I have a file in my head of all the lies foisted on me by books I had to read in school. The first entry comes from my 3rd grade science book, which said that Mercury always keeps one face toward the sun, and that the dark side of the planet is as cold as Neptune. Not only is that not true, but it was shown to be false by radar observations the year I was born.

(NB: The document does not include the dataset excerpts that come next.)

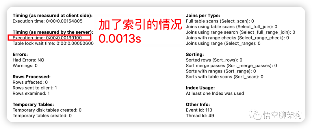 加了索引后,查询只需要 0.0013s,如下图所示:
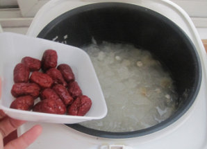 银耳羹结束炖煮后,将清洗干净的红枣和冰糖一起再次放入煲内,按“汤/粥”功能,然后按“开始”,20分钟后,主动关掉电饭煲,拔掉电源,吃时加入牛奶即可。
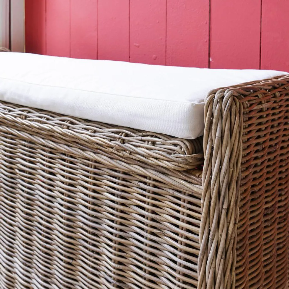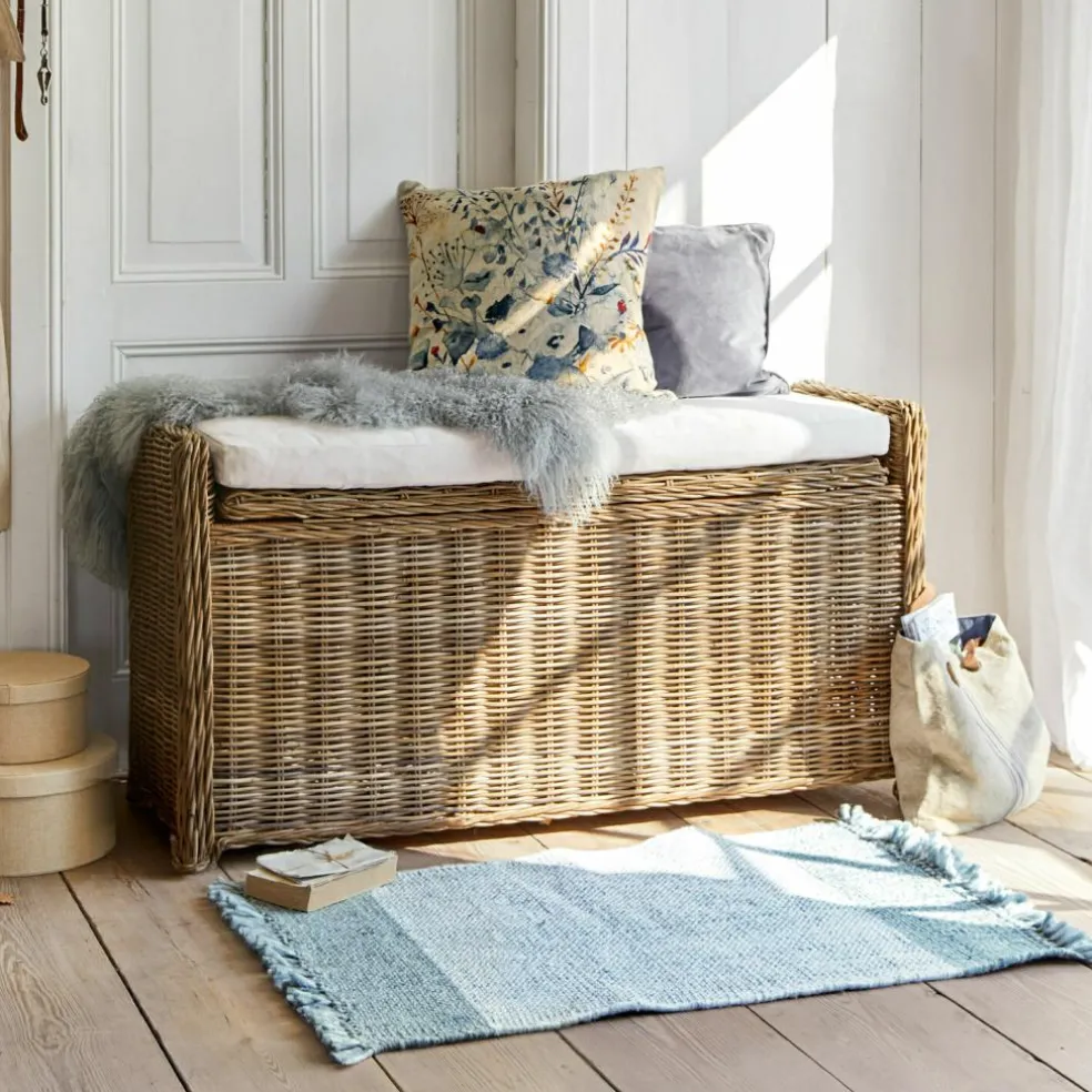 En rotin tressé à la main autour d’un bâti solide en acajou. Coussin d’assise moelleux fourni. Sous la surface d’assise se cache un bel espace de rangement. Un objet luxueux et naturel dans un format pratique. Ce superbe banc constitue un complément idéal pour n’importe quelle pièce. Impossible de vous tromper! Il permet en outre de dissimuler quantité d’affaires. Que ce soit les jouets des enfants, les laisses des chiens, des coussins, du linge de lit ou d’autres accessoires : tout est toujours bien rangé dans ce coffre. Classique, intemporel et durable, ce meuble convient dans tous les intérieurs et vous apportera longtemps satisfaction. Il est aussi très joli près d’une fenêtre, d’où vous pourrez profiter de la vue tout en étant confortablement installé.
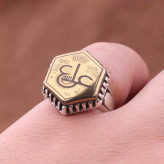 انگشتر حدید شیش ضلعی روکش برنجی نقش عین علی مردانه اصل ( انگشتر مردانه )
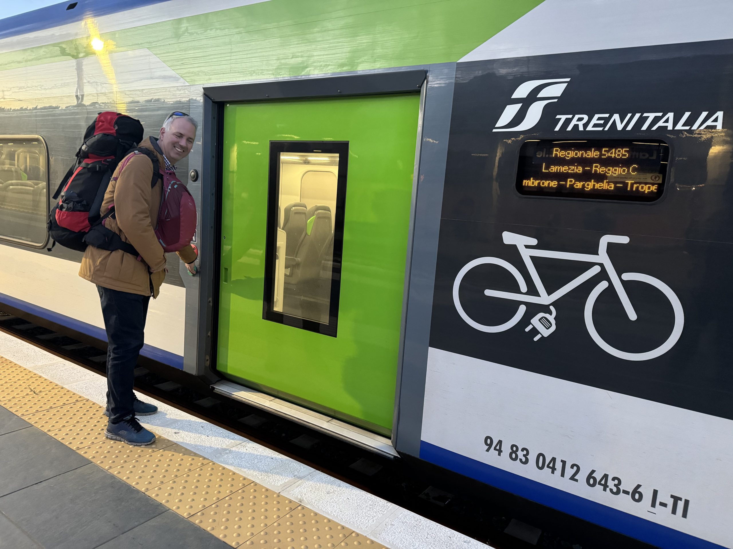 The final train of the day was a beauty. The regional trains in Calabria are a bit of a revelation. Modern, clean, smart – power at every seat, big comfortable chairs. The regional trains all across Europe have often been the least comfortable – many of them old and fairly battered. These were definitely the best we’d ridden so far.
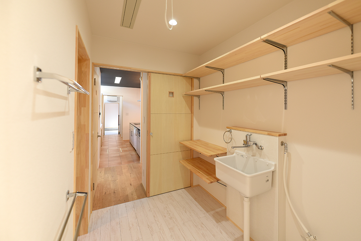 キッチンから続くサニタリースペースには靴洗いや汚れ物洗いに便利なスロップシンクを備え付けました。

All through high school and college the list of lies kept growing, and in graduate school it grew by leaps and bounds. I exposed one of these lies during my own dissertation research. I read in at least two books that Magna Carta was not a big deal in medieval England but only became one when 17th-century lawyers brought it ought as part of their rebellion against the king. Then I started reading medieval court rolls and discovered that Magna Carta was cited all the time in perfectly ordinary legal disputes, always with the idea that it was about the highest law there was. It was cited in almost every case that turned on the boundary between the king's authority and that of the church, always a sensitive issue for any medieval monarch.

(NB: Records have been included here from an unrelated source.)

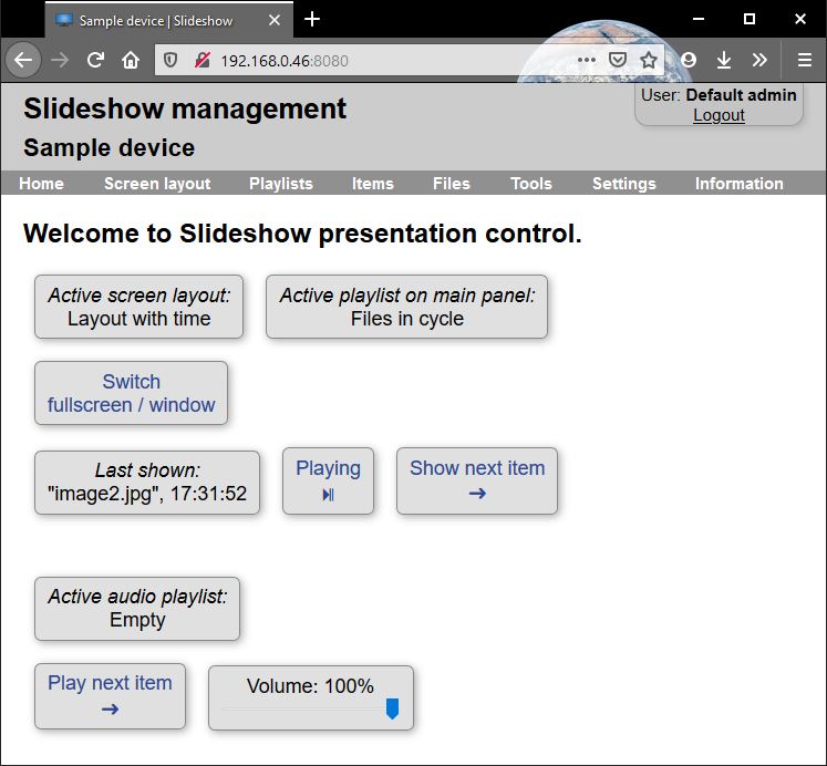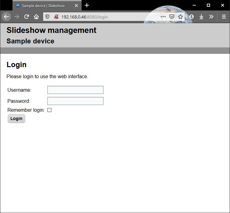 If the Android devices, on which Slideshow is running, is connected to the local network, you can manage the app from you computer, phone or tablet. Note that the interfaces mentioned bellow work only from the same local network (LAN). If you want to manage Slideshow remotely, you can setup file synchronization from your HTTP/FTP server, Google Drive or Dropbox.
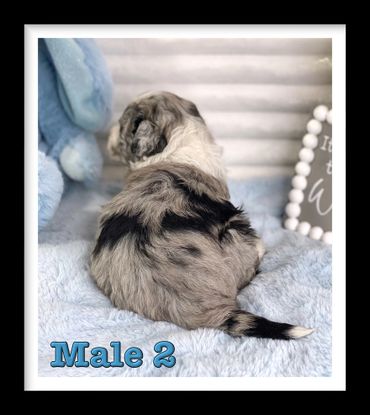 They go home with a puppy starter package. They also come with a 2 year Health warranty, as well as a non- breeding contract. Pups will be Vet. checked, and have their first shot, and are dewormed at 2, 4 and 6 weeks of age. We currently have 3 Females and 4 Males available. In the First 2 Females pics both Merle Females are now reserved. In the First 2 Merle Males Pics the larger Merle Male on the left is now reserved. We are now taking deposits. Their puppies are $1500. for the Black & White Pups, plus GST which comes to $1575., and $1800. for the Merle pups, plus GST which comes to $1890.
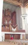 This instrument is free-standing in the rear gallery with an asymmetrical display of pipes. The Swell chamber sits to the left side of the exposed Great and Pedal organs. Stop nomenclatures are in Dutch.
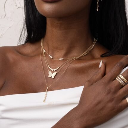 The 14K Gold Multi Shape Drops Necklace showcases 3.13 cts of lab-grown diamonds in unique shapes. The adjustable chain and polished finish make it a versatile and elegant piece.
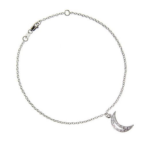 This anklet is made from Silver-Tone and features a dangling crescent moon charm. The charm is designed with white cubic zirconia's on the front.

I also read in several places that there was no close connection between the scientific and industrial revolutions. Science, the idea goes, was something done by university-trained gentlemen who had nothing to do with the sort of vulgar mechanics -- Arkwright, Watt, etc. -- who actually built the new machines. I suppose the point of this was to break down the view that science was ultimately behind the modernization of the world, and the Whiggish notion that all forms of progress went hand in hand. I discovered long ago that this was not so, but only after reading Jenny Uglow's The Lunar Men do I realize what an outrageous lie it is. The mechanical innovators were close friends with the top scientists; in fact in a few cases they were top scientists themselves. The members of the Lunar Society in Birmingham included two of the century's top manufacturers, Josiah Wedgwood and Matthew Boulton; one of its top scientists, Joseph Priestley; and one man, James Watt, who was both a builder of improved steam engines and one of the world's top experts on what we call thermodynamics. Erasmus Darwin was both a font of mechanical inventions and a founder of biological science. James Keir's chemical works drew on cutting edge science. Wedgwood used Priestley's work on gases as well as up-to-date mineralogy in developing new types of ceramic, and he was elected to the Royal Society for his invention of a new way of measuring very high temperatures. When Watt learned, through Priestley, about the discovery of chlorine gas, he immediately sent a report to some relatives of his in the cloth bleaching business. There was no separation whatsoever between the new science and the new manufacturing technology. And while I'm at it there absolutely was a close connection between science, technology, and political reform, as anyone who had ever read Thomas Paine or Benjamin Franklin ought to know.
It really irks me that books so obviously and utterly wrong can be taken seriously and get good reviews and be assigned to graduate students because they fit into somebody's ideology or need to reject the received wisdom.
UPDATE: While I'm on the subject, it is not true that medieval people craved pepper to hide the taste of rotten food. They used pepper because they liked it.